According to the researcher, there are three other flaws within FireEye's products for sale. The vulnerabilities are an authenticated user command injection zero-day flaw, an unauthenticated remote root command injection and a login bypass zero-day vulnerability.

In an interview with CSO, Hermansen said while working with another researcher, Ron Perris, the two discovered 30 flaws in FireEye's product which included multiple root access issues. However, FireEye "balked" at every opportunity the researcher took to report vulnerabilities over 18 months -- leading to the eventual public disclosure.

"No one should be trusting these devices on their network if FireEye can't be bothered to fix the problems.
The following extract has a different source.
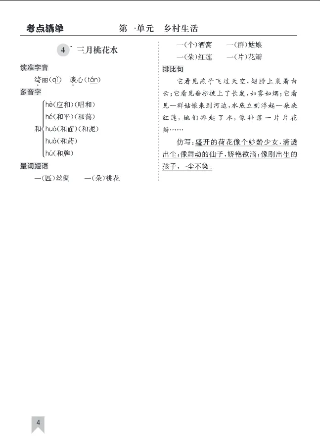 学习资料库 3-9【��核心考点清单语文26年4年级下册(共42页)】
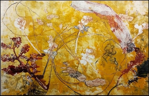 Her work presents a vivid interplay of earthy yellows, deep greens and muted browns, evoking a landscape abstracted from nature, possibly inspired by succulent gardens or wild terrains encountered in her travels. Bold brushstrokes and textured layers give a sense of movement, despite the title’s paradoxical nod to stillness.

As a security company, their standards should be higher," Hermansen told the publication.

In a statement, FireEye said:

"We appreciate the efforts of security researchers like Kristian Hermansen and Ron Perris to find potential security issues and help us improve our products, but always encourage responsible disclosure. FireEye has a documented policy for researchers to responsibly disclose and inform us of potential security issues.

We have reached out to the researchers regarding these potential security issues in order to quickly determine, and potentially remediate, any impacts to the security of our platform and our customers."